Qué grato escuchar los planes de los jóvenes, su desinhibida
temporalidad, su ambicioso futuro. Pero aquí
pensamos en la literatura, este fogoso introito, esta desavenencia
con el día de mañana.
Se nos mueren los versos en las manos, cuando los tenemos en la punta
del sagrado arte
y llegan abrasados y cobardes al cristal líquido y sus liquidaciones.

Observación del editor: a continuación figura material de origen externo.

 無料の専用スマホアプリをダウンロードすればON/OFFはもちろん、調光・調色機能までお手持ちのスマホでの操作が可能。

Ah, escuchamos la guitarra de Boston,
More Than A Feeling y todo cobra un sentido como
enclavado en una caja de pino,
como a dos metros bajo tierra, un sentido averno y complaciente; una
diabólica misantropía nos invade.
El poeta usa el piolet (cosas del teclado) y escala su árbol secuoya como
un vampiro
diletante o sobrealimentado, se va leyendo a medida que redacta el
epílogo de siempre,
la modernización extenuante, qué jerigonza apalabrada como en un
lenguaje sin argumentos para la verdad, un arameo
incorrupto: fuera del cono de luz de Mexicali, la polifonía del persa,
las galletas persas cocinadas por la mismísima Parvaneh.

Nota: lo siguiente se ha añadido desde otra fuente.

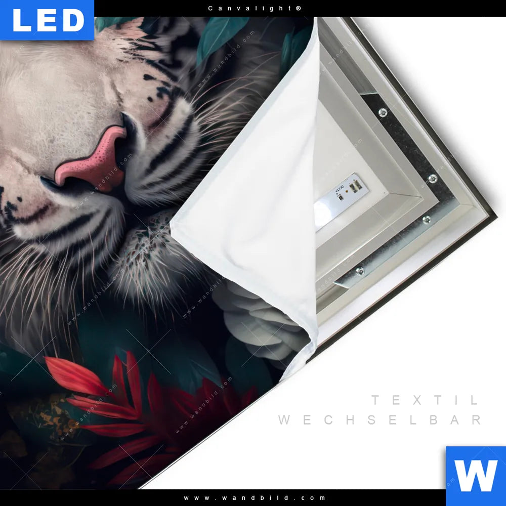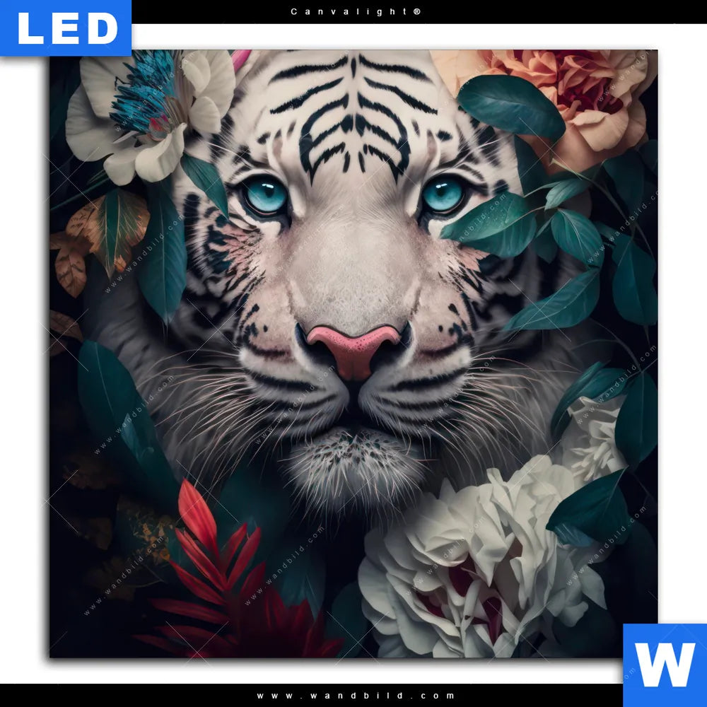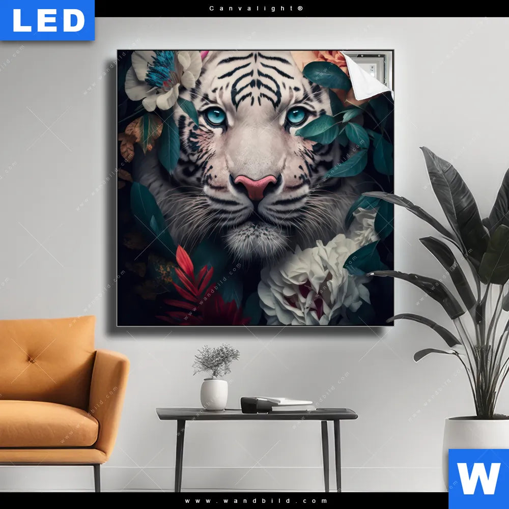 Canvalight® TEX Leuchtbild | Weißer Tiger mit blauen Augen zwischen Blumen | Quadrat

Ha visto pasar a Jordan con su séquito de (¿mariposas?, ¿luciérnagas?) Amor
–que sí.
Iba silbando una melodía irregular, desquiciada para su gusto: es por
el método del rap. No es que fuera
en su tabla de skate con el pelo negro rolando a babor, desafiando al
viento corsario del pequeño Walden, su romántica
visibilidad, iba entonando salves bajo un granizado de metralla indolora,
un pensamiento
sintáctico la cobijaba de su propio fuego amigo, el clásico retorno.
Dicen que el mundo se repite tantas veces. En un instante el mundo es
una aparición: los fantasmas
existen en el plano negativo de la realidad, hacen cola en la taquilla
como un alma cualquiera (para ver a dios). Dicen que todo se repite
alguna vez. Y el ángel lo recuerda, acude al bar a tomarse
una soda, se refresca las alas en la fuente, discute las maravillas de
la obra, toma nota de cada símbolo en la arena.

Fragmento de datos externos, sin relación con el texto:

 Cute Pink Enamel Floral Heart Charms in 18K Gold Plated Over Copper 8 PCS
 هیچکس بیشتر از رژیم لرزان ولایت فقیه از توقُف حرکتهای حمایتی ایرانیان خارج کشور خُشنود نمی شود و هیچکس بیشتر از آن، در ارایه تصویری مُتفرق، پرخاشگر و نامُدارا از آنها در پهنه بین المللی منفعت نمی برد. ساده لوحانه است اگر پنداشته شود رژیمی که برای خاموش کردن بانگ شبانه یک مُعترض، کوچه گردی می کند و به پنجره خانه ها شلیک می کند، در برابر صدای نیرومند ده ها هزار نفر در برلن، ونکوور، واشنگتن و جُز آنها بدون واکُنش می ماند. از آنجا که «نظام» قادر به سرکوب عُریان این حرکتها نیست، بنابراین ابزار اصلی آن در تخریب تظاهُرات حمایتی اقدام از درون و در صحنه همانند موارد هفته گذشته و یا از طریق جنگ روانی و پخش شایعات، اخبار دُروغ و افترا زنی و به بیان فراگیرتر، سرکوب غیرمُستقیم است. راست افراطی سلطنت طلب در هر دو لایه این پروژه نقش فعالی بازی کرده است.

Y la montaña crece envilecida, no cartesiana, más torcida y
descarriada:
no es viable, pero encuentra otra solución, asume el diálogo con las
musas con naturalidad monástica,
edifica una cartuja en el museo y consigue una performance seca,
libertaria. Hay que situarse en el sistema solar y comenzar a mapear
superficies con esmero,
identificar las soberbias cordilleras venusianas, los masivos cráteres,
la personalidad de Encélado o el espacio
cinematográfico de Ganímedes. Esto es un Lope de Vega cósmico, la
metamorfosis en veinticuatro horas de terror.
El poema ha sido despiezado por el cazador, escriturado en el notario,
condensado como leche condensada; y ella
lo lee con la boca pequeña, rehaciendo un mohín angelical que termina
antes de tiempo en una sonrisa
decidida a acabar con las miserias de la creación.